The case of Elvanite Full Circle Limited v AMEC Earth & Environmental (UK) Limited [1] is a clear example of the court adopting a strict, no-nonsense approach to costs budgeting.  In that case the successful defendant sought to amend its approved costs budget post-trial, and was given short shrift.  The defendant’s costs budget was originally approved by the court at approximately £270,000, including some £30,500 estimated expert’s fees.  In reliance on that budget (and of some relevance to the judge’s reasoning), the claimant had obtained ATE insurance cover to the limit of £250,000.  Shortly before trial the defendant filed an increased costs budget, this time of around £500,000 and including £200,000 of expert’s fees, although it did not make a formal application to amend its budget.  When the defendant finally did make a formal application to amend its budget after it had won the case, its application was refused.

Coulson J held that a strict approach to costs budgeting was necessary.
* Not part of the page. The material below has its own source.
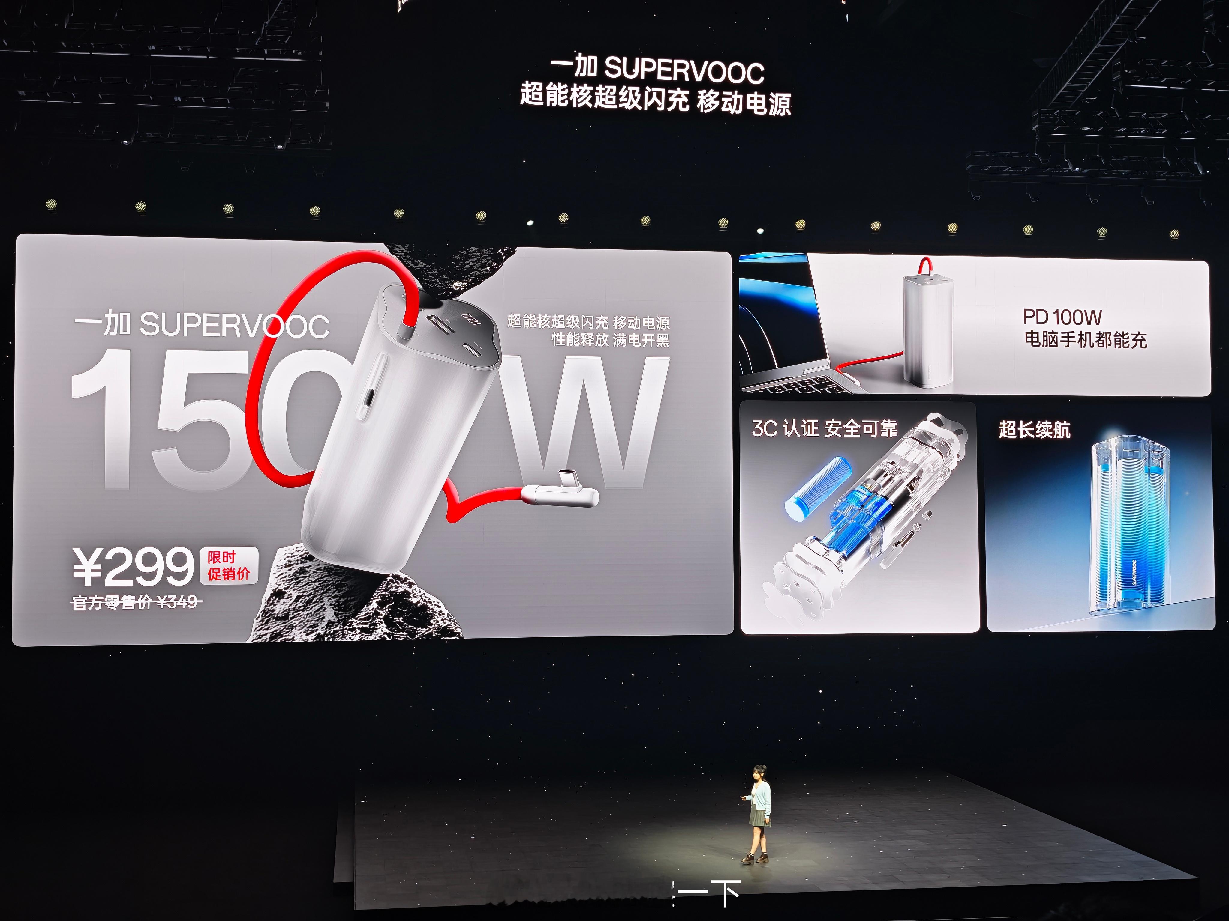 一加150W 超能核超级闪充移动电源,3C认证,安全可靠,售价仅需299元。

As the Court of Appeal had emphasised in Henry [2], the function of the cost budget was to impose a limit on recoverable costs; and as Coulson J had commented himself in Murray v Neil Dowlman [3], it should be difficult to persuade a court that mistakes in an approved budget should be rectified lightly or should constitute good reason to depart from that budget.  The judge also stated that a formal application to amend a cost budget would be required immediately costs began to exceed an approved budget by more than a minimal amount.  In this particular case, the approved budget would stand and, whilst the question of whether there was good reason to depart from it could be considered by the costs judge on assessment, Coulson J commented that, certainly in respect of the increased expert’s fees, he did not think that there would be.
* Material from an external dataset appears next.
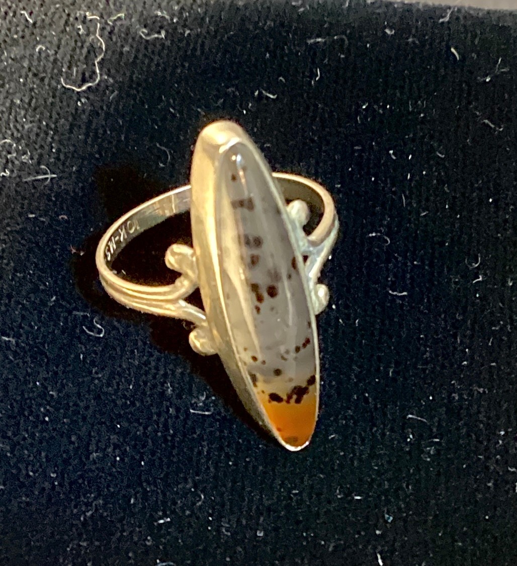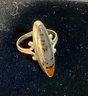 * sterling silver and marquis cut and polished ring approximately size 5. A most unique stone cabochon.

If Elvanite is an example of cost budgeting having a potentially negative impact on a successful party, the case of Slick Seating Systems & Another v Adams & Others [4] is an example of the process working to a  successful party’s advantage.  It is also an example of how the Jackson reforms can improve efficiency within litigation, as they are intended to do.

The claimants were awarded damages of £4.4m, along with all of their claimed costs of £351,000, which came in under the approved budget of £359,000. The judge commented that the claimants had laudably controlled costs and kept within their budget for each phase of work, and as such he awarded payment of the full claimed costs on summary assessment (and so without the need for the delay and expense of detailed assessment) within 14 days.  The approach here again seems strict: if you get your budget right, you get your costs.

However, there remains significant uncertainty within the profession and the judiciary both as to the principles to be applied when the court considers and approves costs budgets, and as to the approach to be adopted by costs judges when assessing costs in light of approved budgets. In the case of Troy Foods v Manton [5], the parties disagreed upon the approach that should be adopted when costs budgets were being considered for approval by the Court.  Manton applied to the Court of Appeal for permission to appeal on the basis that the approach by the judge at first instance had resulted in the approval of an over generous budget for Troy and out of concern that on detailed assessment the costs judge would be likely to treat approval of a budget as establishing that costs within that budget were necessarily reasonable. The Court of Appeal granted leave, commenting that “the court may wish to comment further on the proper approach to be taken by costs judges on detailed assessment in a case in which the court has approved the receiving party’s budget.”  Unfortunately for those of us seeking guidance in this emerging area the case settled before the appeal was heard.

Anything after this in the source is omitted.